The Ice House was a plain, well-like single structure without any floors, where ice slabs could be moved up and down through a pulley fixed on two wooden bar-like scaffolding. It was used to store the imported ice bars with charcoal of light wood and dry wood pieces used as insulation.

A model of the original Ice House is now a unique exhibit at the Vivekananda House — a name change that came about much later.

Historical exhibits at the Vivekananda House show that Tudor’s ice business in Madras continued from 1842 to around 1880 till the invention of the steam-powered ice-making machine led to its collapse.

However, the Ice House endured. Biligiri Iyengar, a leading advocate of Madras and a disciple of Vivekananda, purchased the house in the 1880s and “refashioned the building to suit residential requirements, the most impressive alteration being the majestic semi-circular frontage that greets us from the beach”, historical records note.

He renamed the building “Kernan Castle” in memory of his friend, Justice Kernan of Madras High Court.

“During those years, Vivekananda visited Madras twice,” Swami Isha Premananda, current-in-charge of the Vivekananda Heritage Centre, told The Telegraph.

Vivekananda first visited Madras as a wandering monk in early 1893 and was hosted by Manmathanath Bhattacharya, a Bengali government official posted in the southern city, before setting sail for America.

On his return from America, where he made waves at the World's Parliament of Religions in Chicago, Vivekananda stayed at the Ice House from February 6-15, 1897, as a guest of Iyengar, before leaving for Calcutta.

On the request of his Madras disciples, Vivekananda soon sent Swami Ramakrishnananda — one of the 16 original disciples of Sri Ramakrishna Paramahamsa — to establish a permanent centre of the Ramakrishna Order in south India.

“That was how the Ice House became the first centre of the Ramakrishna Math in south India,” Swami Premananda said.

From 1897, the Ramakrishna Math functioned from the Ice House. Sister R.S. Subbulakshmi, a devotee of Vivekananda, also began her pioneering work on women’s education in Madras from that building in the late 1890s.

“She nurtured a string of institutions such as Lady Willington School and College and Sarada Vidyalaya for women’s uplift, which led to the Ice House becoming an integral part of the Math,” Swami Premananda said.

He said Iyengar’s property came up for auction in 1906 and the Ramakrishna Math had to shift to Mylapore.

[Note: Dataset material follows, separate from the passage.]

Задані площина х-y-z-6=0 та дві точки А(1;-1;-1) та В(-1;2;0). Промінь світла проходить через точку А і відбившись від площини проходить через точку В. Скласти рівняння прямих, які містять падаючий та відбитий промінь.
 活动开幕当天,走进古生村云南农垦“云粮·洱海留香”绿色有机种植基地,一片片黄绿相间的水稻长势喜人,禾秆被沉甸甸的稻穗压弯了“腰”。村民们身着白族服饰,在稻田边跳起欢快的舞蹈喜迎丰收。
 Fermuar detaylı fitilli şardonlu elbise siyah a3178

In the following years, the Ice House changed several hands and eventually came under the Tamil Nadu government’s possession.

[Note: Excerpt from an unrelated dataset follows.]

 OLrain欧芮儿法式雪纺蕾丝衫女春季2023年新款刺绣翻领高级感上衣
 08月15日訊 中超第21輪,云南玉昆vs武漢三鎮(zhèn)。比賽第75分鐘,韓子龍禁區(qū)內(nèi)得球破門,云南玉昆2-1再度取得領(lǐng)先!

In 1963, the birth centenary year of Swami Vivekananda, the Ice House was renamed Vivekananda House. In 1997, when the centenary year of Vivekananda’s return from America was celebrated, the Tamil Nadu government gave the property on lease to the Ramakrishna Math to set up a permanent exhibition centre on the life and teachings of Vivekananda alongside Indian cultural heritage.

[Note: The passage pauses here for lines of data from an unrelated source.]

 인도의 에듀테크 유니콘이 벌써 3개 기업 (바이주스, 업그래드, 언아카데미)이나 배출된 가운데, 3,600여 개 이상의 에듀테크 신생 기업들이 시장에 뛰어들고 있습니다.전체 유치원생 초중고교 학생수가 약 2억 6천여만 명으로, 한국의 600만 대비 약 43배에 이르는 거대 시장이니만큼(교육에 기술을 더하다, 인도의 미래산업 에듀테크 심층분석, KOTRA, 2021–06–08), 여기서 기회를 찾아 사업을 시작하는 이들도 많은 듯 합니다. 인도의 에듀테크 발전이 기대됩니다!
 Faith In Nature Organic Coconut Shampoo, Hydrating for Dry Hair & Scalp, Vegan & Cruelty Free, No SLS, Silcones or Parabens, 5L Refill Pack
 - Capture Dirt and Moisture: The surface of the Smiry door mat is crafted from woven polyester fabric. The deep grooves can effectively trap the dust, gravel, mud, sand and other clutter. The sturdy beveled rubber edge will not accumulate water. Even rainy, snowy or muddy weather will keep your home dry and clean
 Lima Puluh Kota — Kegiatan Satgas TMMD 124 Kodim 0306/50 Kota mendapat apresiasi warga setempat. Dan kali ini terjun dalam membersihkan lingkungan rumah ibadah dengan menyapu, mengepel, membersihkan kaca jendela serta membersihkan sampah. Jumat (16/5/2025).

Former chief minister M. Karunanidhi formally handed over the property to the Math on December 20, 1999. Initially, the lease was for three years, followed by 10 years. “In 2015, the state government extended the lease for 99 years,” said Swami Premananda. An additional building called Vivekananda Cultural Centre was inaugurated by then chief minister J. Jayalalithaa in July 2014.

Rare exhibits

Since 1999, the Math has been undertaking extensive renovations to turn Vivekananda House into a full-fledged Vivekananda Heritage Centre.

The centre showcases colourful paintings, vintage photos taken during his stay in Madras, eye-catching murals and dioramas on the “transformation of a young Naren Dutt to Swami Vivekananda”, capturing the turning points in the monk’s life. Visitors also get to watch three multimedia virtual reality shows on Vivekananda’s life, including a short 3D film on his historic Chicago Address.

An exhibit of rare historical value is a photocopy of the first two pages of A Short History of India and the Frontier States of Afghanistan, Nepal and Burma by J. Talboys Wheeler (Macmillan & Co, London, 1884), late assistant secretary to the Government of India’s foreign department and late secretary to the Government of British-Burma, from Vivekananda’s personal book collection. It preserves in his immaculate writing style his signature and a one-liner disclosing the fact that it was “purchased from a hawker”.

Wheeler, in his preface, says he began writing on India in Madras in the early 1860s. “The essays of Lord Macaulay on Robert Clive and Warren Hastings are perhaps known to every English household, but they refer to mere episodes in the history and are wanting in that familiarity with native character and forms of thought, which is essential to a right appreciation of the great collision between Europe and Asia that has been going on in India for the last two Centuries,” Wheeler wrote.